Rule-based filters (regex, keyword lists) have ~60-70% precision at best and generate constant maintenance overhead. An LLM-based classifier can handle nuanced toxic content, context-dependent spam, and subtle manipulation that keyword filters miss entirely. 基于规则的过滤器(正则表达式、关键词列表)的最佳精确度仅为 60-70% 左右,且会产生持续的维护开销。基于大语言模型(LLM)的分类器可以处理关键词过滤器完全无法识别的细微毒性内容、依赖上下文的垃圾信息以及隐蔽的操纵行为。

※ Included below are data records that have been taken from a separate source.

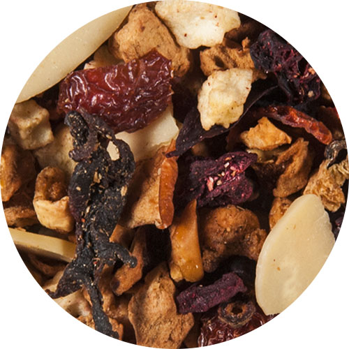 Apfelstücke, Mandeln (20 %), Rote Bete, Zimtstücke, Hagebuttenschalen, Aroma
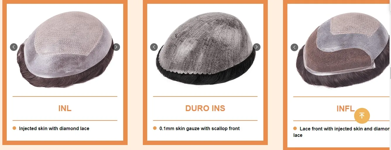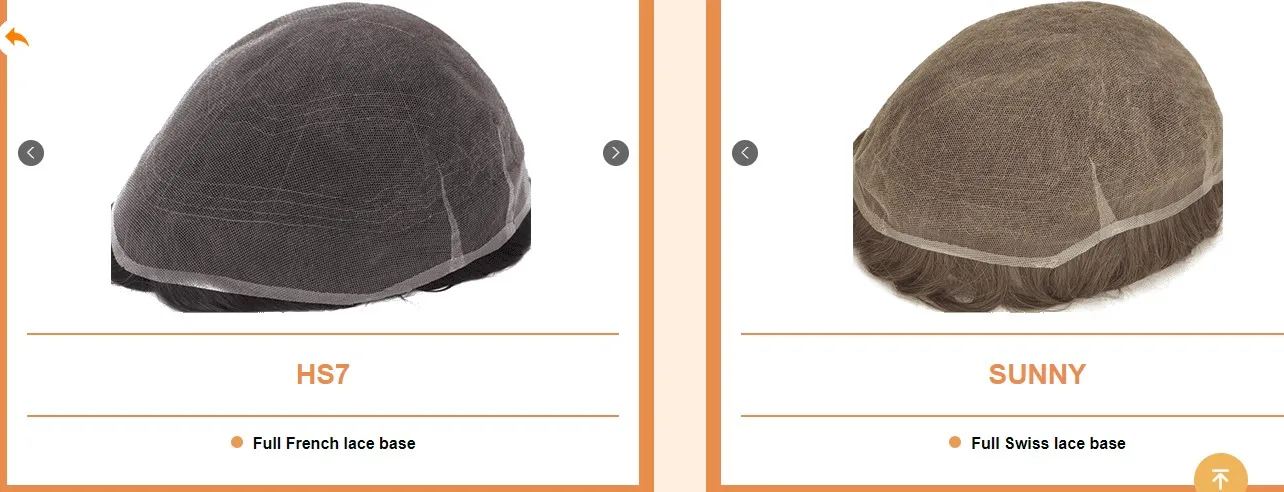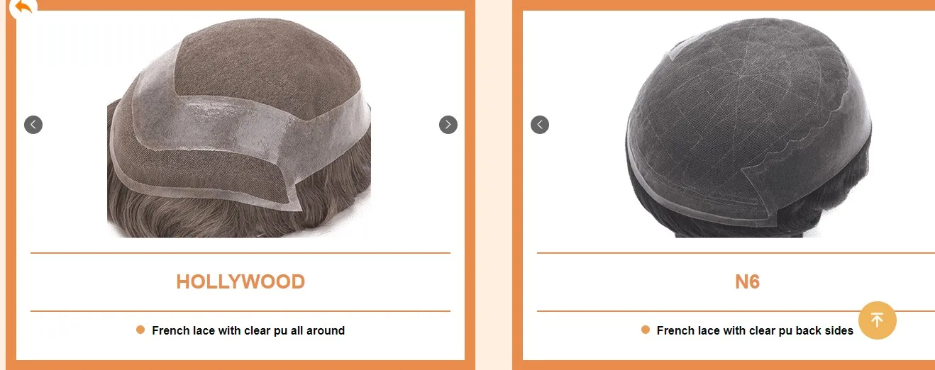1. The French Lace mens hair toupee hairpiece is made up of French Lace and PU, Including Full french lace toupee hair systems, French Lace front with PU toupee hair system, French lace with PU toupee hair system, Australian lace with PU toupee hairpiece,their weight is very light, the lace part fits the top of the head, it feels the most comfortable to wear, you will hardly feel it when you wear it.
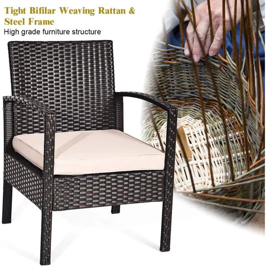 4 Pieces Patio Furniture Set, Outdoor Wicker Rattan Patio Conversation Furniture Set with Waterproof Cushion and Table
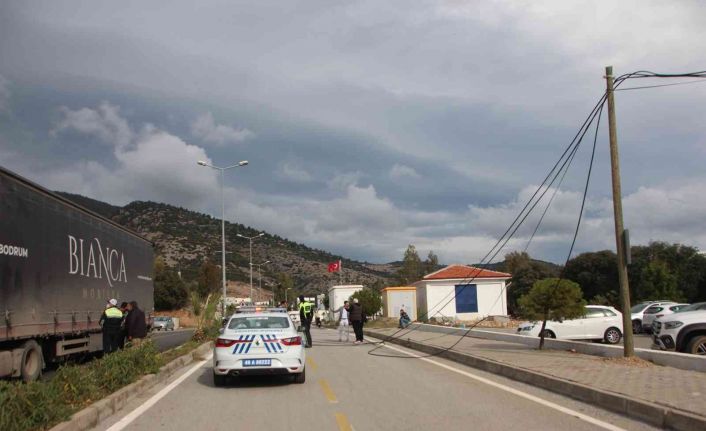 Edinilen bilgiye göre, Gazderesi Caddesi’nden Bodrum - Turgutreis karayoluna ilerleyen Kadir Yüzlek idaresindeki 26 TK 774 plakalı tırın dorsesi, rüzgarla aşağı sarktığı iddia edilen telefon kablolarına takıldı. Kabloların gerilmesiyle birlikte caddenin her iki yanındaki 2 telefon direği kırılarak devrildi. Kırılan direklerden biri bölgede park halindeki 2 otomobile çarptı, otomobillerden birinin lastiği patladı. Kabloların takıldığı trafik levhası yıkıldı, çöp konteynırı metrelerce sürüklendi. Tır sürücüsü, otomobil lastiğinin patlama sesini duyunca durdu. Hasar alan park halindeki 2 otomobilden 1’inde bulunan sürücü ve yolcular kazayı yara almadan atlattı.
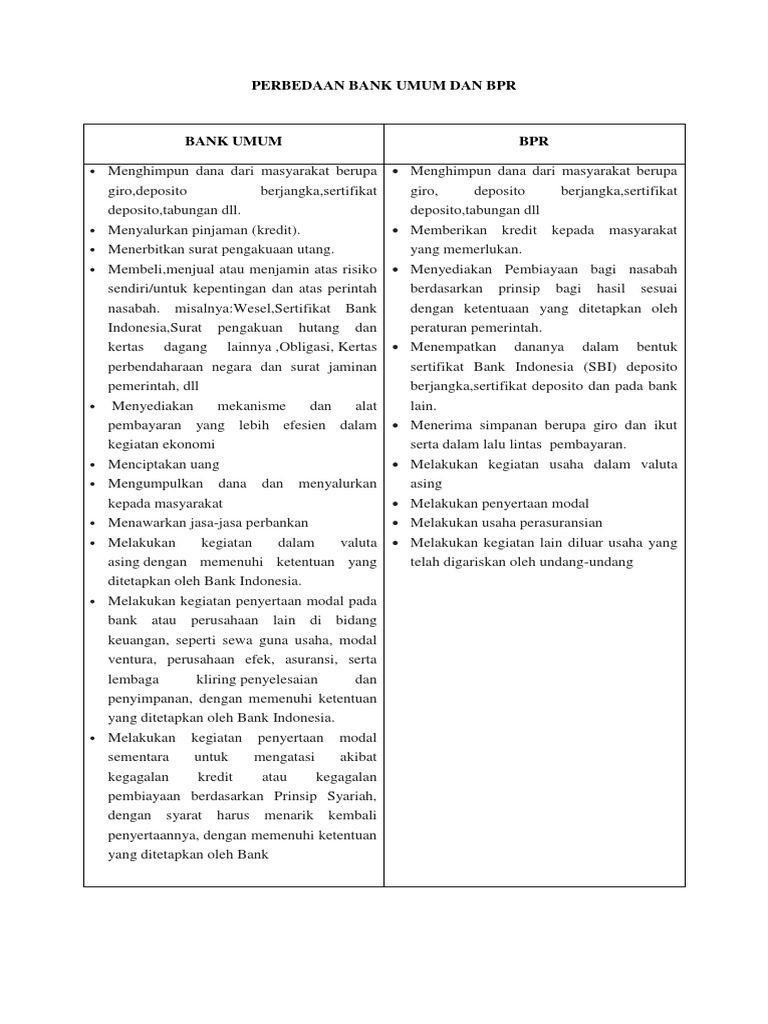 Bpr dan bank umum adalah
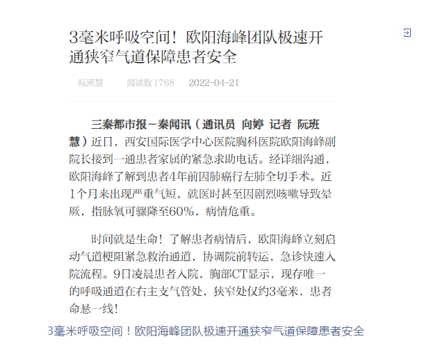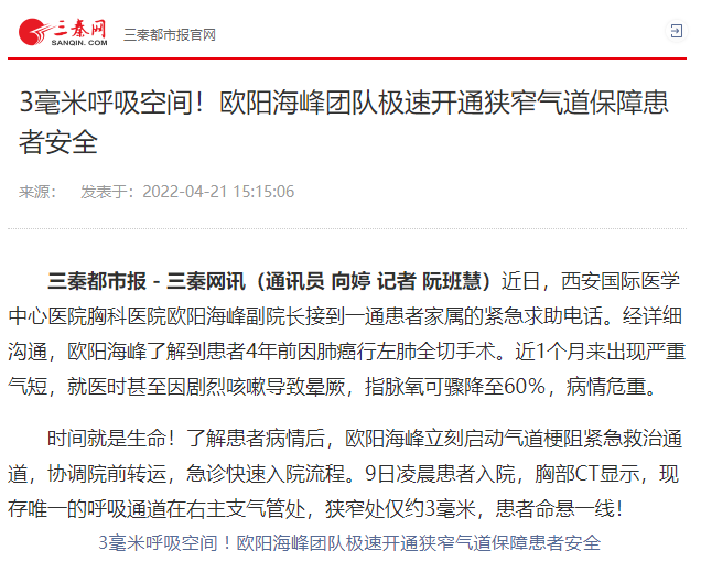 三秦都市報:3毫米呼吸空間!歐陽海峰團隊極速開通狹窄氣道保障患者安全
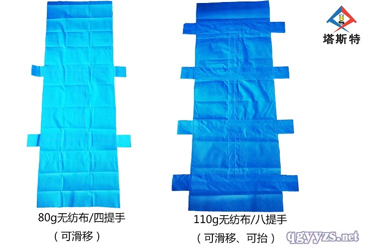 | 產(chǎn)品用途 | 產(chǎn)品組成: 本產(chǎn)品由一次性滑移墊(80g以上)、一次性中單(床單)、吸水墊(吸附液體大于2kg)構(gòu)成。 臨床使用意義: 1.不再費(fèi)神費(fèi)力: 滑移墊僅需1-2人即可將病人過(guò)床,代替原來(lái)需4-5人才能完成的工作,省力省時(shí),可以大大減輕醫(yī)護(hù)人員勞動(dòng)強(qiáng)度 2.“病人不動(dòng)式”過(guò)床: 骨折、手術(shù)后病人因?yàn)椴⊥椿蛐g(shù)后帶有引流管等,往往不能搬動(dòng)或觸碰,使用一次性滑移墊病人完全不被搬動(dòng)或觸碰,即可平穩(wěn)**地被轉(zhuǎn)移。 3.有效避免二次損傷: 以往的搬運(yùn)方法,采用多人在不同的部位、不同的用力大小抬送,病人極易感到不適,甚至還會(huì)因?yàn)榘徇\(yùn)的不恰當(dāng)方式導(dǎo)致病人損傷,滑移墊能讓病人整體過(guò)床,避免二次損傷,實(shí)現(xiàn)輕松舒適整體轉(zhuǎn)移。 使用說(shuō)明: 1.布 單 手術(shù)前將本產(chǎn)品平鋪在手術(shù)臺(tái)上,使兩側(cè)拉手位于病人肩、臀方位。將高分子吸水棉置于病人手術(shù)部位下方即可。 2.縛 帶 病人上手術(shù)臺(tái)后, |
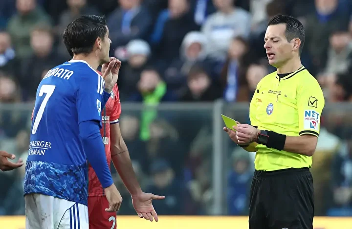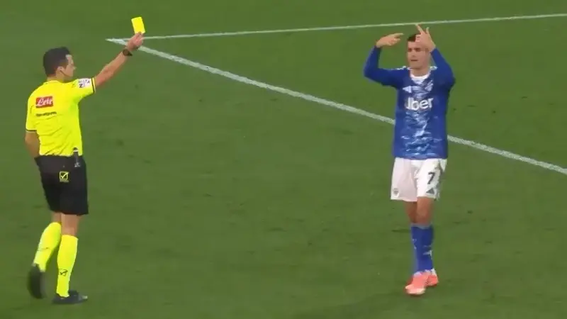 Maçın hakemi bu pozisyonda Morata'ya sarı kartını gösterdi. Sinirlenen İspanyol golcünün kaptanlık pazubandını çıkarıp yere attı.
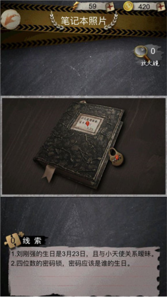 3、接着检查一本笔记本的照片,又能发现两条线索。信息一,刘刚强的生日是3月23号,而且他跟一个小天使关系不清不楚;信息二,有个四位数的密码锁,密码八成是谁的生日。
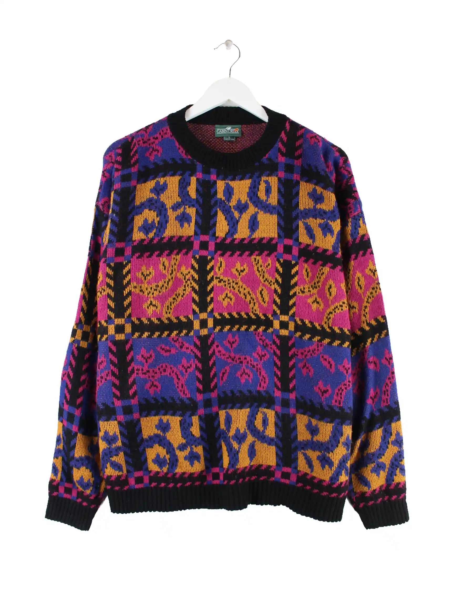 Vintage Pullover in Größe L aus den 90'ern. Er ist aus Acryl hergestellt und in bunten Farben vorrätig.

This tutorial builds a complete moderation pipeline in Python: receive a comment, classify it with an LLM, cache repeated inputs, process batches efficiently, and route borderline cases to a human review queue. The same architecture works for form submissions, support tickets, forum posts, and any other user-generated text. For organizations managing content at scale, this pairs well with the broader security controls described in practical security guides. 本教程将使用 Python 构建一个完整的审核流水线:接收评论、使用 LLM 进行分类、缓存重复输入、高效处理批次,并将边缘情况路由至人工审核队列。同样的架构也适用于表单提交、支持工单、论坛帖子以及任何其他用户生成的内容。对于大规模管理内容的企业,这可以与实用安全指南中描述的更广泛的安全控制措施良好结合。
Architecture overview
架构概览
User comment
│
▼
Cache lookup (Redis/dict) ──hit──▶ cached decision
│ miss
▼
Batch accumulator (up to 20 items or 500ms)
│
▼
LLM classifier (structured JSON output)
│
├── safe ──────────────▶ publish immediately
├── spam/toxic ────────▶ auto-reject + log
└── borderline (< 0.75)▶ human review queue
Setup
环境准备
pip install openai redis pydantic python-dotenv
For local development, run Redis: 对于本地开发,请运行 Redis:
docker run -d -p 6379:6379 redis:alpine
Data models
数据模型
# models.py
from dataclasses import dataclass, field
from enum import Enum
from typing import Optional
import time
class ContentCategory(str, Enum):
SAFE = "safe"
SPAM = "spam"
TOXIC = "toxic"
PHISHING = "phishing"
BORDERLINE = "borderline"
@dataclass
class ModerationResult:
category: ContentCategory
confidence: float # 0.0 – 1.0
reasoning: str # one sentence
flags: list[str] # e.g. ["contains_url", "promotional_language"]
needs_human_review: bool
processing_time_ms: float
cache_hit: bool = False
@dataclass
class PendingComment:
comment_id: str
text: str
user_id: str
submitted_at: float = field(default_factory=time.time)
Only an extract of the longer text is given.